### The data

_ _ _ _ _ _ _

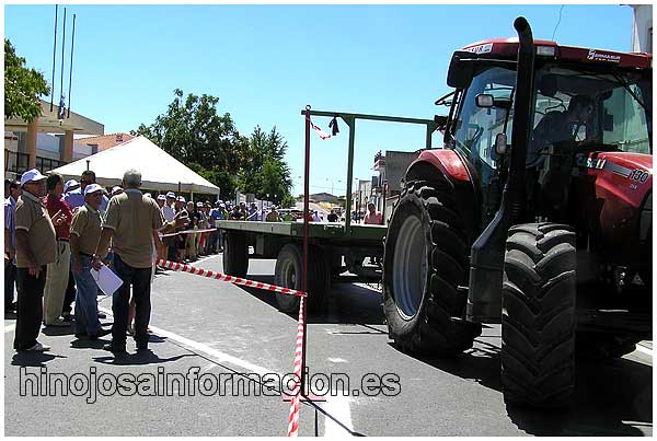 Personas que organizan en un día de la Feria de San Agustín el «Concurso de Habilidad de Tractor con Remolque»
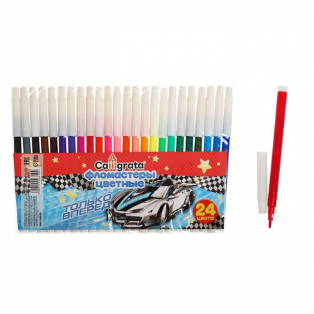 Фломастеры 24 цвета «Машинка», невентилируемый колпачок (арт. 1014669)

_ _ _ _ _ _ _

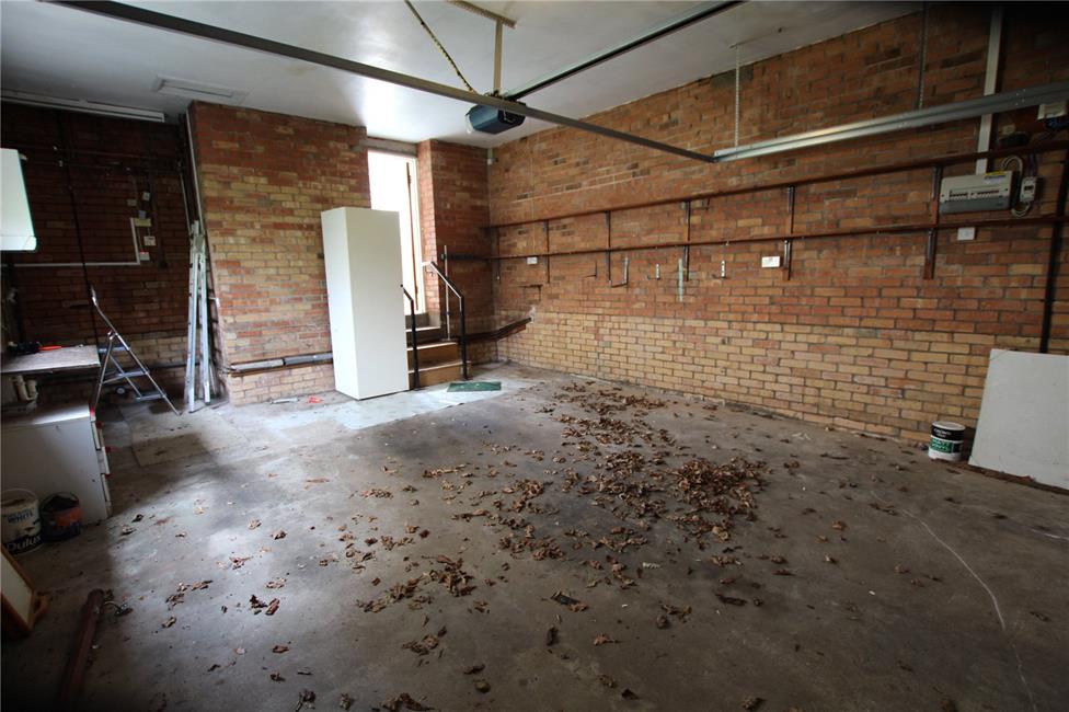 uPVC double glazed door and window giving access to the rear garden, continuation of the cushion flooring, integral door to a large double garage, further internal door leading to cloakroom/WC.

_ _ _ _ _ _ _

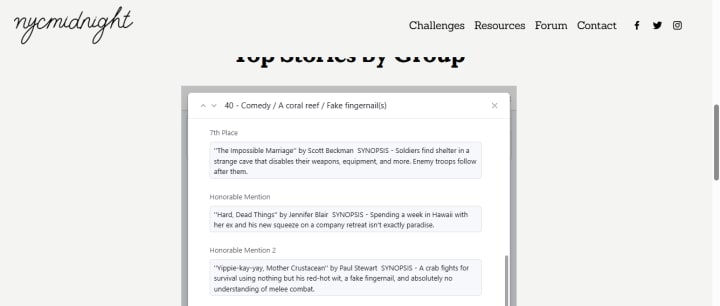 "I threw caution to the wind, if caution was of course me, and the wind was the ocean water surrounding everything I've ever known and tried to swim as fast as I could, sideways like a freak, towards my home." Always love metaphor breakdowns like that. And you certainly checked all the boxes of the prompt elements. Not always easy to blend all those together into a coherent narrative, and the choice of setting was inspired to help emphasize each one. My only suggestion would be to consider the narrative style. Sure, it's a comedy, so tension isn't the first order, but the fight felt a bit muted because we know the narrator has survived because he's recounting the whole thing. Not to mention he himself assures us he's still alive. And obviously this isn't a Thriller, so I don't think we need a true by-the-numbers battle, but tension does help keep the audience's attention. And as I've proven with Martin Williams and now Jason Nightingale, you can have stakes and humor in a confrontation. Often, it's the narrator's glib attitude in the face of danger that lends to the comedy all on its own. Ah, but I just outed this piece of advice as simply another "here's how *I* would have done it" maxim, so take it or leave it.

_ _ _ _ _ _ _

### What needs to be done
Exactly the lines above from the one that contains "Personas que organizan" down to the one that contains "Фломастеры 24 цвета" are to be output, both ends kept and pictures omitted.

### Solved exercise
 Personas que organizan en un día de la Feria de San Agustín el «Concurso de Habilidad de Tractor con Remolque»
 Фломастеры 24 цвета «Машинка», невентилируемый колпачок (арт. 1014669)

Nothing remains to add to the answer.